> [Supplied data]:
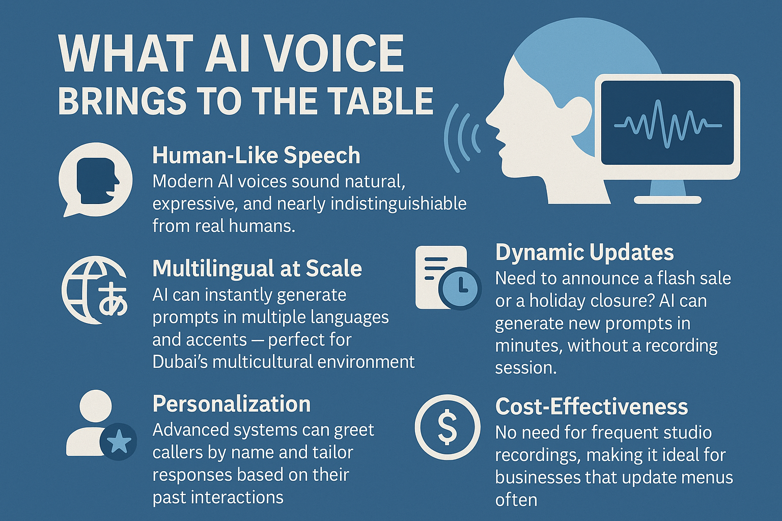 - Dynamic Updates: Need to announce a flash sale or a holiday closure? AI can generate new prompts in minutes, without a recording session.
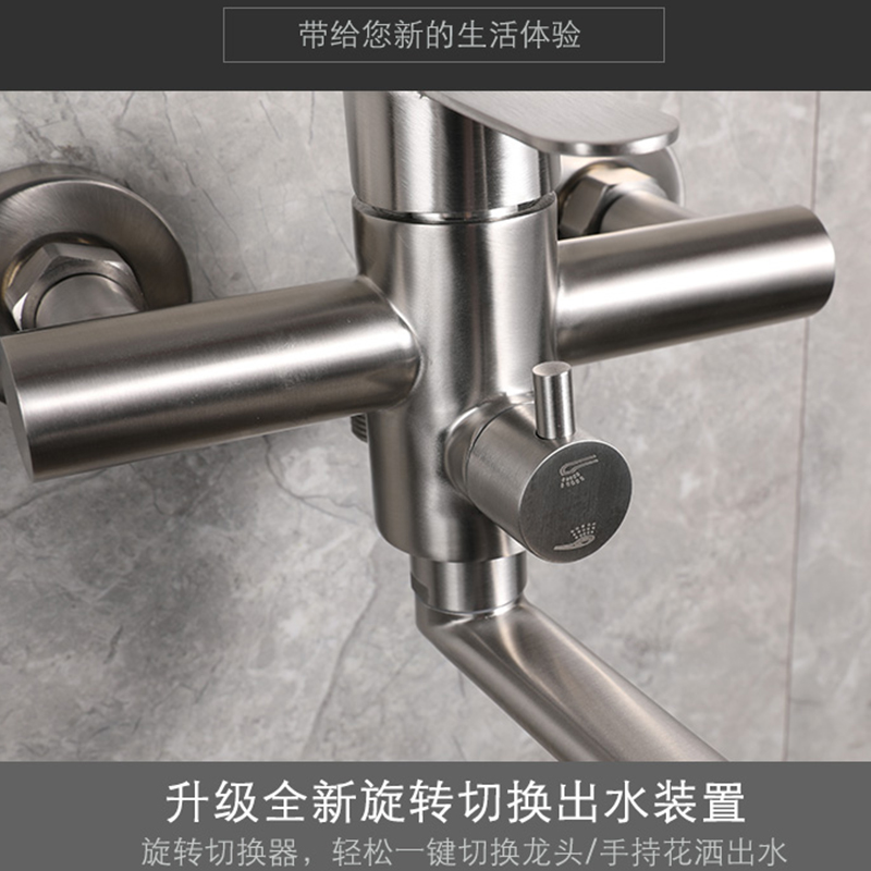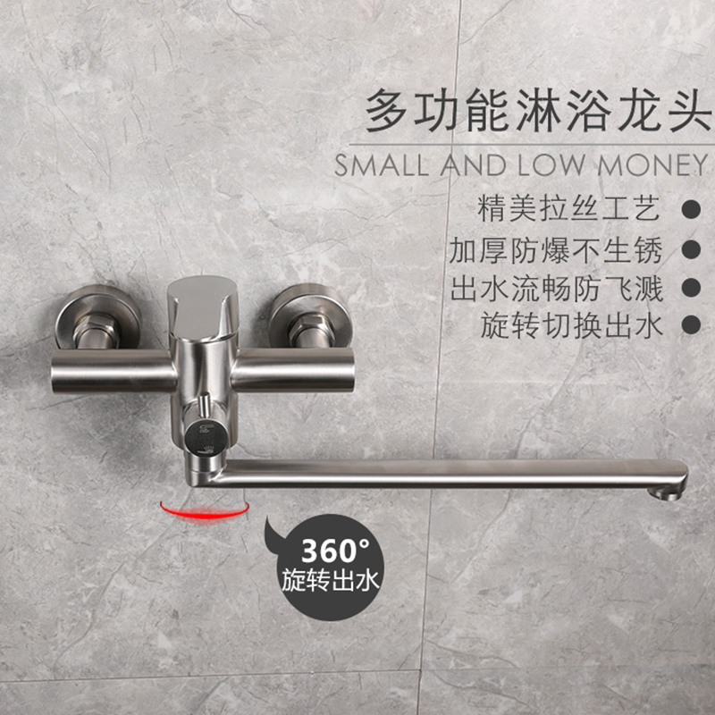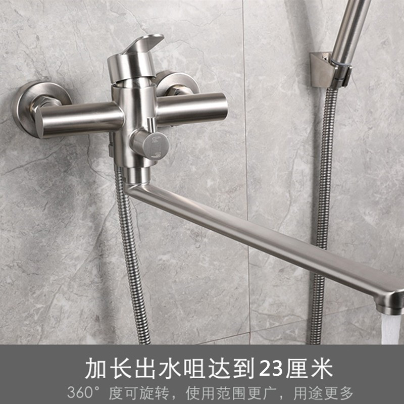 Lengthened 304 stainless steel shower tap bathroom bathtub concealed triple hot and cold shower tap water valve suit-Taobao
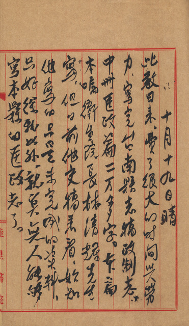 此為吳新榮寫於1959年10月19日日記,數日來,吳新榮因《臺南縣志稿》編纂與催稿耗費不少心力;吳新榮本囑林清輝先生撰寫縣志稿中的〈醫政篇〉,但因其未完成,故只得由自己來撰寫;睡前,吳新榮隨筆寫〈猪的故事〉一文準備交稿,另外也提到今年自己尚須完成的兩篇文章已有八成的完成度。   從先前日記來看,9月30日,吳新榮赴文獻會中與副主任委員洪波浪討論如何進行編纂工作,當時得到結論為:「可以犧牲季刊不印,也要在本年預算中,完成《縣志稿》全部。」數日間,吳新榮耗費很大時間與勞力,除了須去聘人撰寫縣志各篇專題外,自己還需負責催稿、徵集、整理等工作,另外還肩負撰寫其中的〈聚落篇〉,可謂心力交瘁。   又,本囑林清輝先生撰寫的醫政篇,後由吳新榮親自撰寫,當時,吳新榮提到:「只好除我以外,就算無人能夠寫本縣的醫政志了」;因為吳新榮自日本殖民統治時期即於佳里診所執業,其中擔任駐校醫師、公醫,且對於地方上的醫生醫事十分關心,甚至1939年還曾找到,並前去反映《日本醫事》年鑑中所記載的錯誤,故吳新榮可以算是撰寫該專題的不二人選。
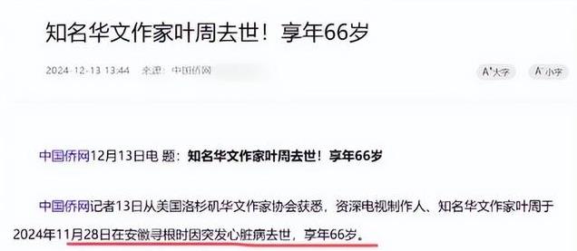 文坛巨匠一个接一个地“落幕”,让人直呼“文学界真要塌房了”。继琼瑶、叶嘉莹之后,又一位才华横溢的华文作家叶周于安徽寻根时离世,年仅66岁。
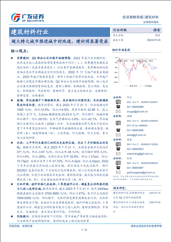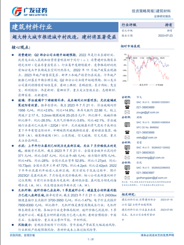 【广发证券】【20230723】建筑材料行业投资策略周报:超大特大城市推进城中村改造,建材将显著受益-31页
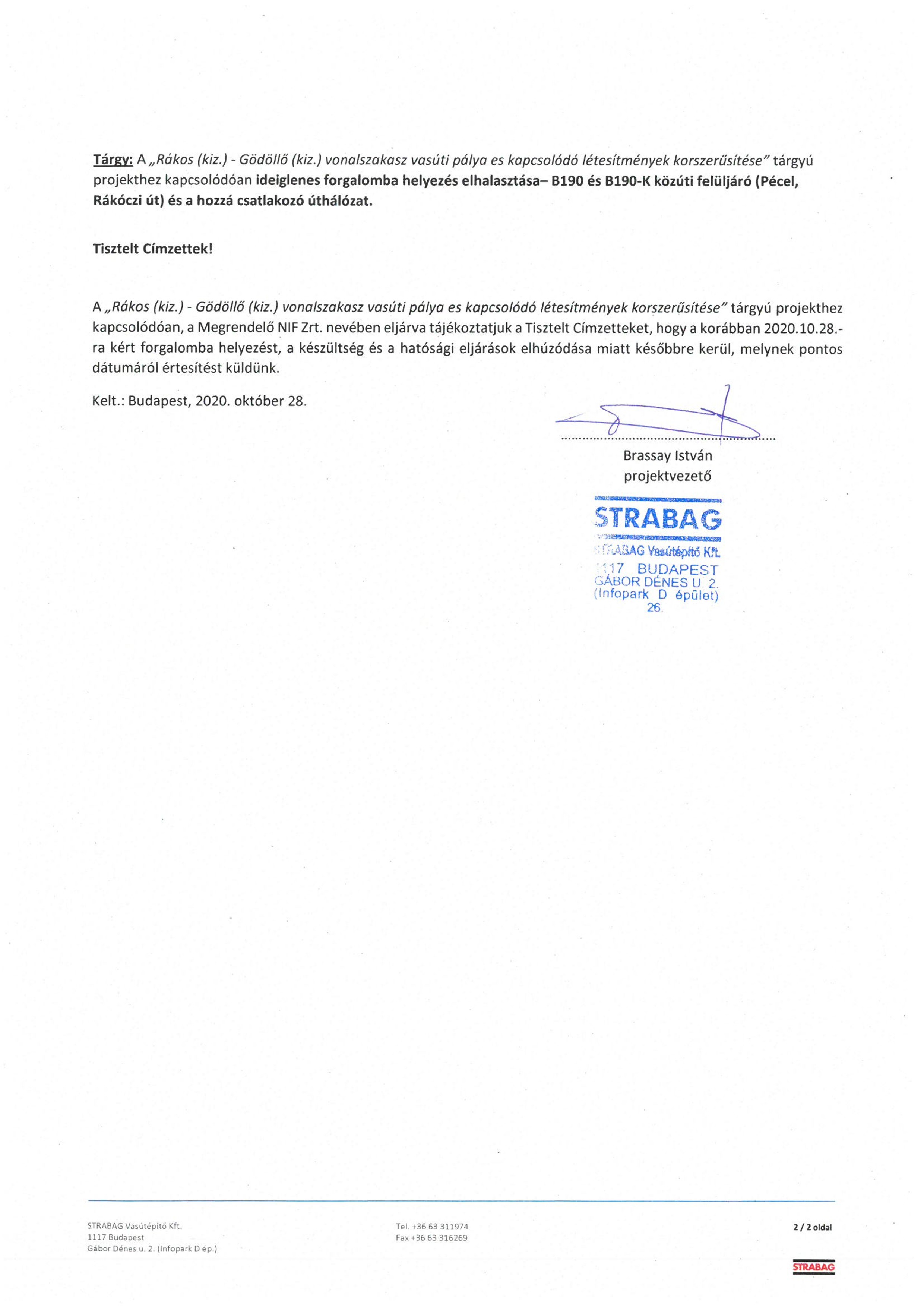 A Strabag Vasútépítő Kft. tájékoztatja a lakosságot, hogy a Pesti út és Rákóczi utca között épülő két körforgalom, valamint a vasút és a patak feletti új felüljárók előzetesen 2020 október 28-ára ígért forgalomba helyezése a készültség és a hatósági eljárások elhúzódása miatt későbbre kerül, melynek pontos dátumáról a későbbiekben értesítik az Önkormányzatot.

> [Exercise objective]: Your copy must repeat the data word for word and show none of its images.

> [Result for this task]:
 - Dynamic Updates: Need to announce a flash sale or a holiday closure? AI can generate new prompts in minutes, without a recording session.
 Lengthened 304 stainless steel shower tap bathroom bathtub concealed triple hot and cold shower tap water valve suit-Taobao
 此為吳新榮寫於1959年10月19日日記,數日來,吳新榮因《臺南縣志稿》編纂與催稿耗費不少心力;吳新榮本囑林清輝先生撰寫縣志稿中的〈醫政篇〉,但因其未完成,故只得由自己來撰寫;睡前,吳新榮隨筆寫〈猪的故事〉一文準備交稿,另外也提到今年自己尚須完成的兩篇文章已有八成的完成度。   從先前日記來看,9月30日,吳新榮赴文獻會中與副主任委員洪波浪討論如何進行編纂工作,當時得到結論為:「可以犧牲季刊不印,也要在本年預算中,完成《縣志稿》全部。」數日間,吳新榮耗費很大時間與勞力,除了須去聘人撰寫縣志各篇專題外,自己還需負責催稿、徵集、整理等工作,另外還肩負撰寫其中的〈聚落篇〉,可謂心力交瘁。   又,本囑林清輝先生撰寫的醫政篇,後由吳新榮親自撰寫,當時,吳新榮提到:「只好除我以外,就算無人能夠寫本縣的醫政志了」;因為吳新榮自日本殖民統治時期即於佳里診所執業,其中擔任駐校醫師、公醫,且對於地方上的醫生醫事十分關心,甚至1939年還曾找到,並前去反映《日本醫事》年鑑中所記載的錯誤,故吳新榮可以算是撰寫該專題的不二人選。
 文坛巨匠一个接一个地“落幕”,让人直呼“文学界真要塌房了”。继琼瑶、叶嘉莹之后,又一位才华横溢的华文作家叶周于安徽寻根时离世,年仅66岁。
 【广发证券】【20230723】建筑材料行业投资策略周报:超大特大城市推进城中村改造,建材将显著受益-31页
 A Strabag Vasútépítő Kft. tájékoztatja a lakosságot, hogy a Pesti út és Rákóczi utca között épülő két körforgalom, valamint a vasút és a patak feletti új felüljárók előzetesen 2020 október 28-ára ígért forgalomba helyezése a készültség és a hatósági eljárások elhúzódása miatt későbbre kerül, melynek pontos dátumáról a későbbiekben értesítik az Önkormányzatot.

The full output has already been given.